◆ Data for this exercise
★ ★ ★
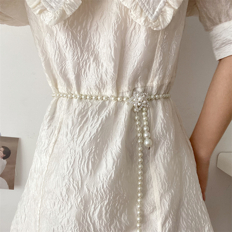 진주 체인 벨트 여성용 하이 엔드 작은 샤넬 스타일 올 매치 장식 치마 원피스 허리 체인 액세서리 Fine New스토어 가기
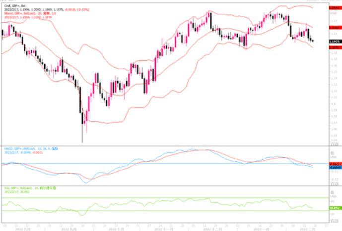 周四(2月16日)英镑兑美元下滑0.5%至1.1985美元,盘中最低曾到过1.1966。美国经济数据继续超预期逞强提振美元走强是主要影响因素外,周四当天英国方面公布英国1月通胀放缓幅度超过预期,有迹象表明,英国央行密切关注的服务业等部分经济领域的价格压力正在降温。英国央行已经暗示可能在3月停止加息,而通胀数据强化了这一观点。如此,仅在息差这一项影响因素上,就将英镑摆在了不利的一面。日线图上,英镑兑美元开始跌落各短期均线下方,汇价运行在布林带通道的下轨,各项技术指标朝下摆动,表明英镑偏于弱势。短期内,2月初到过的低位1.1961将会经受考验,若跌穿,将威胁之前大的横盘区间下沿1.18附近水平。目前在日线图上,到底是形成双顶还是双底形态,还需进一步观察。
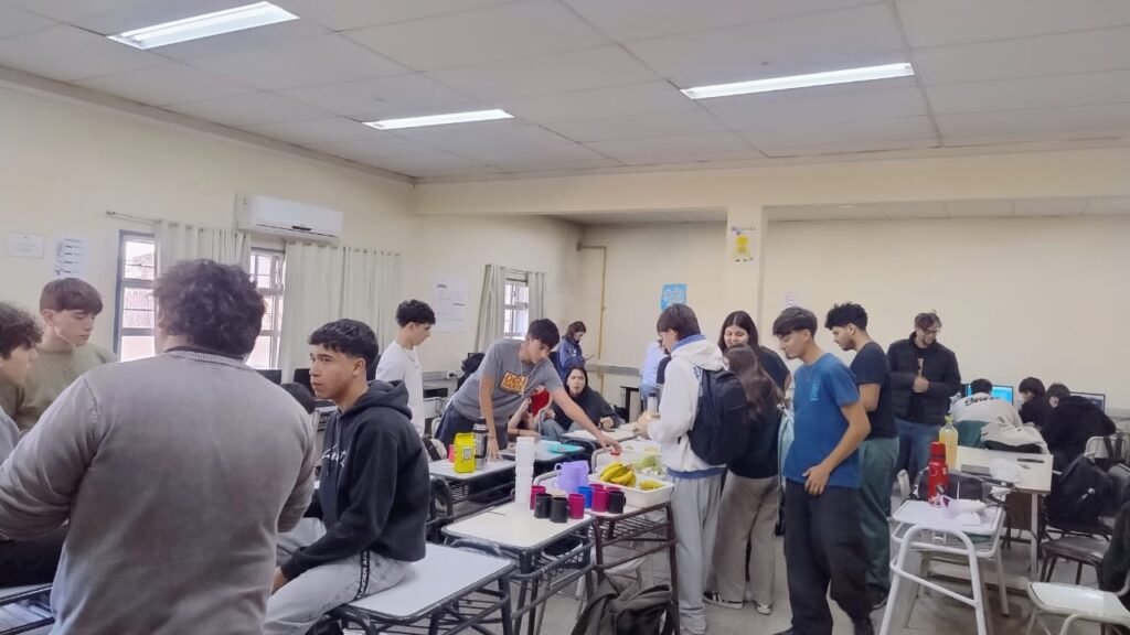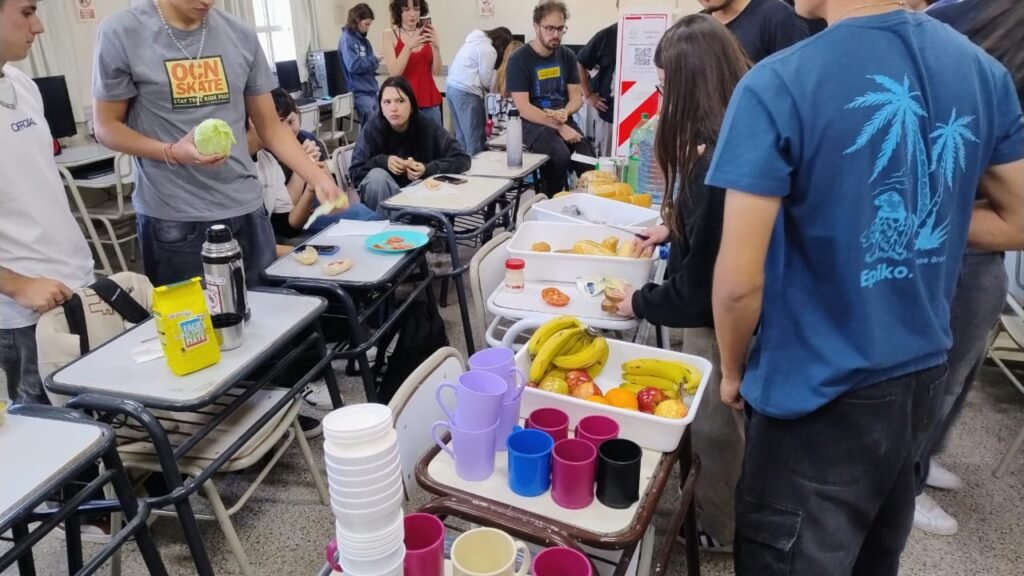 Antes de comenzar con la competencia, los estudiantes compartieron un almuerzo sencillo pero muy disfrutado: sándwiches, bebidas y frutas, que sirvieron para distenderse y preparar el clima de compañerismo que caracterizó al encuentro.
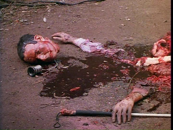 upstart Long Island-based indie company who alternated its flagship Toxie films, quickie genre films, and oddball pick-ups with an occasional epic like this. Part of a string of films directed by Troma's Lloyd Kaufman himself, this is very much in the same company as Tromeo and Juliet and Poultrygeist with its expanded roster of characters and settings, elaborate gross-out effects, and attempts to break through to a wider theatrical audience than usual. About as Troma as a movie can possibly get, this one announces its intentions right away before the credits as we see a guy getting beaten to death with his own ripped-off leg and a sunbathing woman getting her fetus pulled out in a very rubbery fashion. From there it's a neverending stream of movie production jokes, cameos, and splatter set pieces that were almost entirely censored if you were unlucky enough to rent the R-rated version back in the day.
★ ★ ★
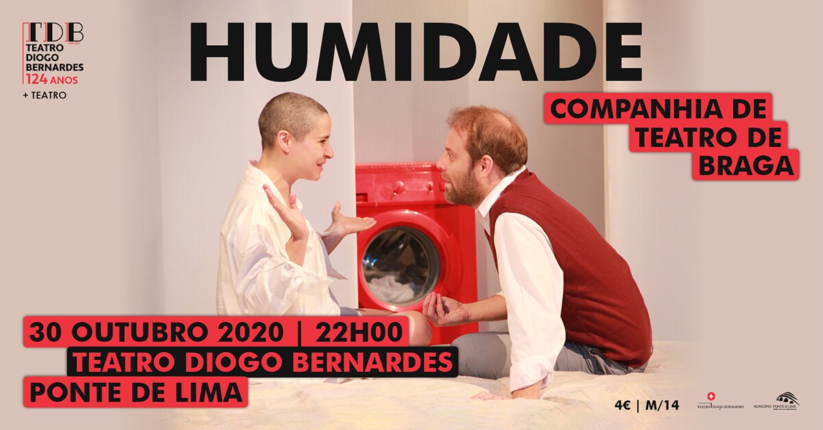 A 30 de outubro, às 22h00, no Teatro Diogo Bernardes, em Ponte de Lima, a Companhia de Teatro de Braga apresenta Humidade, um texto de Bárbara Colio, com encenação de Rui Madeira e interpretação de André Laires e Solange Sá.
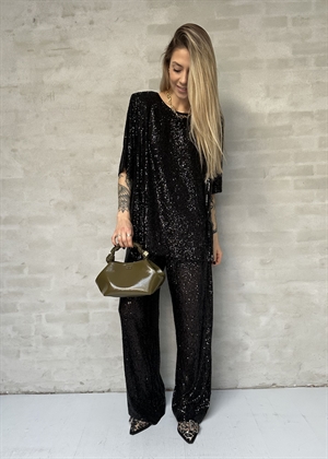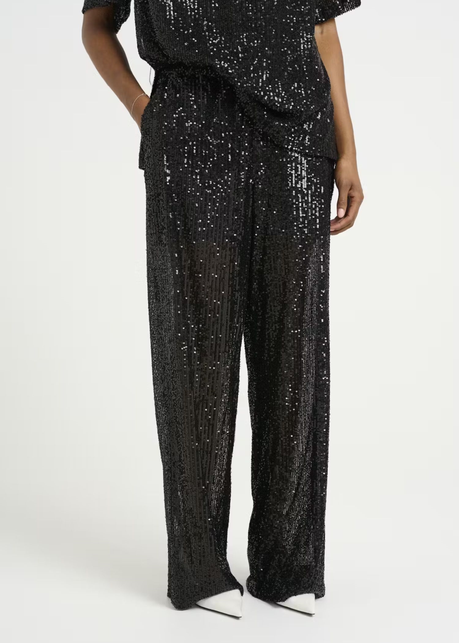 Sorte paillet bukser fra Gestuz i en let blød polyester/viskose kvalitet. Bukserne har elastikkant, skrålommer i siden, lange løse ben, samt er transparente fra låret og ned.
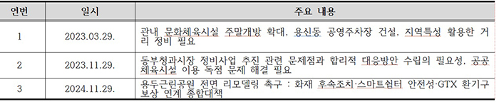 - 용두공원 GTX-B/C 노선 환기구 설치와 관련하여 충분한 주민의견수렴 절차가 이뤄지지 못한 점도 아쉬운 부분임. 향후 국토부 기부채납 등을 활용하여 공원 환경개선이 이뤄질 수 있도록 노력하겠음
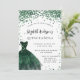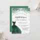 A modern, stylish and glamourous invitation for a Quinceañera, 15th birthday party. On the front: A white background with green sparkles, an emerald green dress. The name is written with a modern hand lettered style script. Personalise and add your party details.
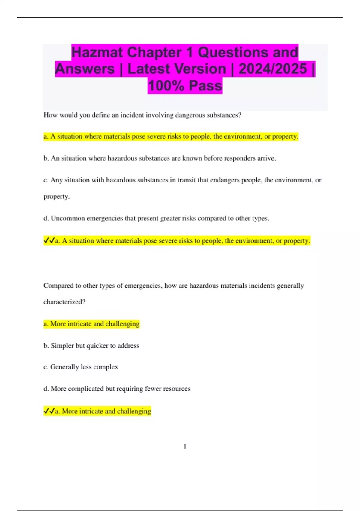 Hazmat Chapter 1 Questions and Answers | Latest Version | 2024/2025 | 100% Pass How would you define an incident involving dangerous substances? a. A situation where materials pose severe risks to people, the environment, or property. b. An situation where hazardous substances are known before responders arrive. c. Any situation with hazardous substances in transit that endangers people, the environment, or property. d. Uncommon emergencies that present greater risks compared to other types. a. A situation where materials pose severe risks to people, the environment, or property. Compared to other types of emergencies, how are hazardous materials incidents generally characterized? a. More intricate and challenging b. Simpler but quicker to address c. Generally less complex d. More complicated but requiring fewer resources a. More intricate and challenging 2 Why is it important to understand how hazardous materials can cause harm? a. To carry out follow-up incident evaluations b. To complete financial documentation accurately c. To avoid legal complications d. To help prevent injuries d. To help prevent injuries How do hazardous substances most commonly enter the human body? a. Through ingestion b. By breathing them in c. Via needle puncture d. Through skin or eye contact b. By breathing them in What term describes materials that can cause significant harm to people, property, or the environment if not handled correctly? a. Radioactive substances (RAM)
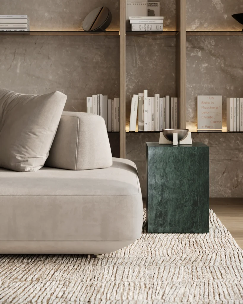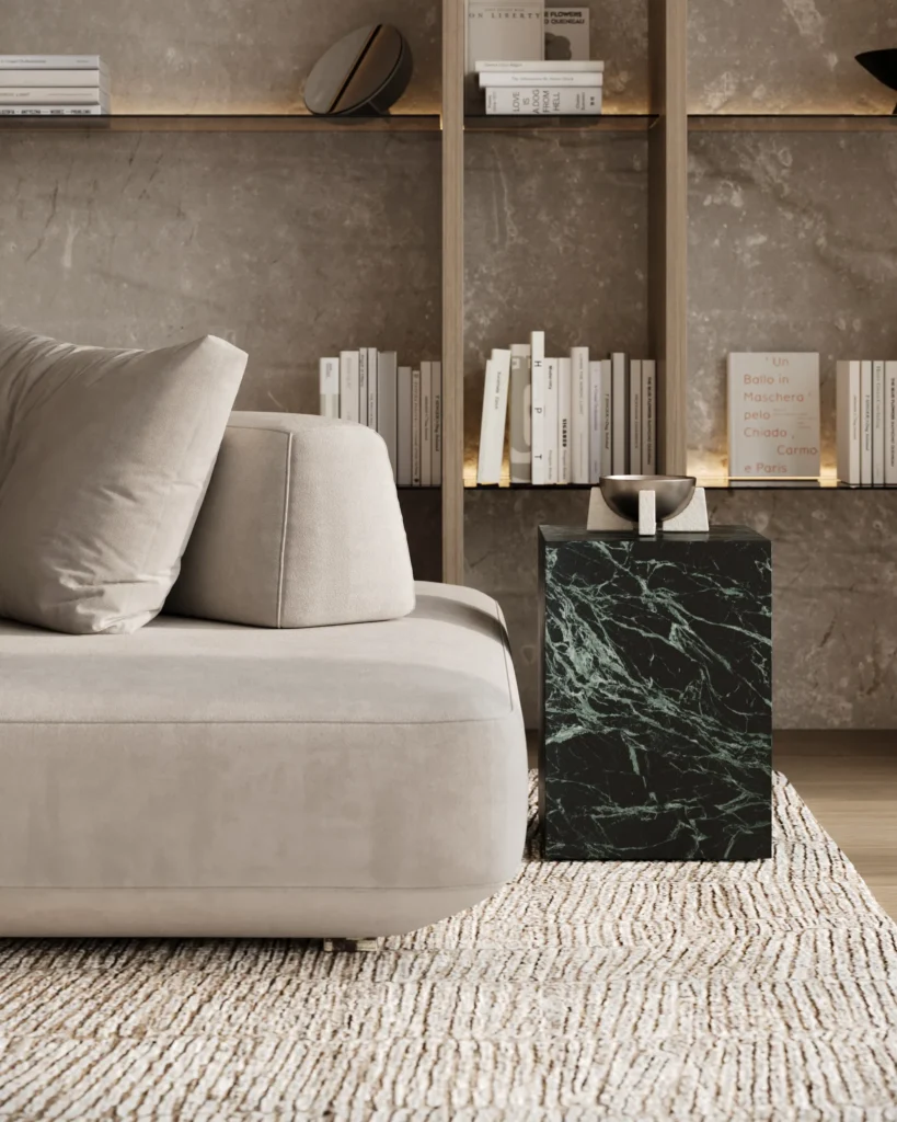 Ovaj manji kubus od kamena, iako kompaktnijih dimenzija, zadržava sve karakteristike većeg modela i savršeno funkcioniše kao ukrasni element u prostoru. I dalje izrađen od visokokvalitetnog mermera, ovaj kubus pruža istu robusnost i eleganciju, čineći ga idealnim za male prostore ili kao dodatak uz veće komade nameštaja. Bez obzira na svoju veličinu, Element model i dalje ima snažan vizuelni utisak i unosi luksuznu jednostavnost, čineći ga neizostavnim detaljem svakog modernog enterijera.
★ ★ ★
In the listing above, find the line containing "진주 체인 벨트 여성용" and the line containing "upstart Long Island-based", then return both of them and every line between, exactly, without pictures.

◆ Your response
 진주 체인 벨트 여성용 하이 엔드 작은 샤넬 스타일 올 매치 장식 치마 원피스 허리 체인 액세서리 Fine New스토어 가기
 周四(2月16日)英镑兑美元下滑0.5%至1.1985美元,盘中最低曾到过1.1966。美国经济数据继续超预期逞强提振美元走强是主要影响因素外,周四当天英国方面公布英国1月通胀放缓幅度超过预期,有迹象表明,英国央行密切关注的服务业等部分经济领域的价格压力正在降温。英国央行已经暗示可能在3月停止加息,而通胀数据强化了这一观点。如此,仅在息差这一项影响因素上,就将英镑摆在了不利的一面。日线图上,英镑兑美元开始跌落各短期均线下方,汇价运行在布林带通道的下轨,各项技术指标朝下摆动,表明英镑偏于弱势。短期内,2月初到过的低位1.1961将会经受考验,若跌穿,将威胁之前大的横盘区间下沿1.18附近水平。目前在日线图上,到底是形成双顶还是双底形态,还需进一步观察。
 Antes de comenzar con la competencia, los estudiantes compartieron un almuerzo sencillo pero muy disfrutado: sándwiches, bebidas y frutas, que sirvieron para distenderse y preparar el clima de compañerismo que caracterizó al encuentro.
 upstart Long Island-based indie company who alternated its flagship Toxie films, quickie genre films, and oddball pick-ups with an occasional epic like this. Part of a string of films directed by Troma's Lloyd Kaufman himself, this is very much in the same company as Tromeo and Juliet and Poultrygeist with its expanded roster of characters and settings, elaborate gross-out effects, and attempts to break through to a wider theatrical audience than usual. About as Troma as a movie can possibly get, this one announces its intentions right away before the credits as we see a guy getting beaten to death with his own ripped-off leg and a sunbathing woman getting her fetus pulled out in a very rubbery fashion. From there it's a neverending stream of movie production jokes, cameos, and splatter set pieces that were almost entirely censored if you were unlucky enough to rent the R-rated version back in the day.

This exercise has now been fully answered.